LOS ANGELES deel 7: varken

Jaren geleden had ik een date met een actrice in Los Angeles, een hele mooie latina, die mij bij mijn tweede bezoek uitnodigde om naar de première van een toneelstuk waarin zijn speelde te komen. Toneel in Los Angeles, dat levert een vreemde bijeenkomst op. Je zit te kijken naar allemaal acteurs die spelen dat ze van toneel houden en in feite wachten tot de juiste filmproducent in de zaal zit. En het leek wel of de schrijver van het stuk daar rekening mee had gehouden want tachtig procent van het stuk bestond uit diverse oorlogs-scènes; veel gevechtsoperaties en beschietingen. Tja, toneel past gewoon niet in los Angeles. Daar is die stad niet op ingericht. 

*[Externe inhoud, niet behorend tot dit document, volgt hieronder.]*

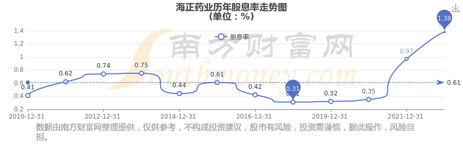 近年海正藥業(yè)年度股息率走勢如下圖: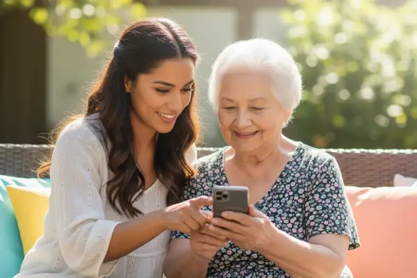 Uma senhora sorridente interage com um smartphone moderno ao lado de uma mulher mais jovem, possivelmente sua neta, em um ambiente ao ar livre iluminado pelo sol. A jovem orienta a idosa com carinho, demonstrando conexão entre gerações e inclusão digital. A cena transmite acolhimento, confiança e facilidade no uso da tecnologia por pessoas acima de 60 anos.

Een ander fenomeen dat ook tot die categorie behoort is openbaar vervoer. Ik heb één keer, zoals al eerder beschreven, de metro genomen naar een vriendin die in Universal City woonde, vlak bij Hollywood. Die eerste keer was ook meteen de laatste keer. Toen ik tegen mijn vriendin zei dat ik deze keer geen auto had gehuurd omdat ik 'het eens lokaal wilde doen', riep zij verbaast: 'Subway?! That's for poor people, Ingmar!' Wel, ik vertrok van LAX  en zat inderdaad tussen heel veel arme mensen, moest drie keer overstappen, was drie uur onderweg en bij mijn eindpunt, terwijl ik niet vies ben van een wandeling, moest ik toch echt een taxi nemen om überhaupt bij mijn vriendin te komen.

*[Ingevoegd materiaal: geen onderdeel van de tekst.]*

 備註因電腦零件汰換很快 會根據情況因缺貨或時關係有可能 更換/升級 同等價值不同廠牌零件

En het derde fenomeen dat eigenlijk niet kan in deze stad is naast de camping de jeugdherberg. Zo'n ding heb je in een charmant buurtje in Parijs, waar backpackers liftend zijn aangekomen en vanuit daar lekker goedkoop de stad gaan verkennen om wat kunst en wat cultuur op te snuiven. Maar voor dat soort romantiek is Los Angeles veel te groot, te duur en ook te stoer. Ik bedoel, welke toerist gaat nou onder de rook van Paramount Studio's in een stapelbed liggen, zonder tram, bus of fiets in de buurt? Een jeugdherberg?! Dit is Los Angeles. Maar goed, ik had er dus wel een gevonden. Vraag alleen niet hoe, want de weg erheen, vanaf LAX, was er eentje geweest van; 'hoe lang kan een mens slaap uitstellen?'
Ik had na het verlaten van het autoverhuurbedrijf door pure vermoeidheid bij de eerste kruising al meteen de verkeerde richting genomen en was daarmee gedoemd een uur lang pogingen te doen om op de 405 te komen. U kent het verhaal. Na veel meanderende opritten en foute buurten was mij dat uiteindelijk gelukt, maar het was wel al avond en pikkedonker toen ik de snelweg opdraaide. 
Ik tuurde op mijn kaart, die ik op de passagiersstoel uitgespreid had, onder de hand verkende ik het dashboard van mijn auto èn hield ik het verkeer in de gaten. Was dit een scene in een film geweest dan was het: camera close-up op mijn gezicht, dreigende muziek en off-screen een harde metalen knal geweest. Maar een ongeluk werd mij bespaard omdat ik in een file terecht kwam en daar ook meteen in bleef tot de afslag Fullerton. De door mij begrote veertig minuten rijden liepen uit op een geduldigheids-exercitie van twee uur. In het verblindende licht van de koplampen om mij heen werd mij vrijwel elke mogelijkheid mijzelf te oriënteren op intuïtie ontnomen en ik gaf ik mij over aan het inzicht dat ik mijn situatie deze avond helemaal niet meer onder controle had.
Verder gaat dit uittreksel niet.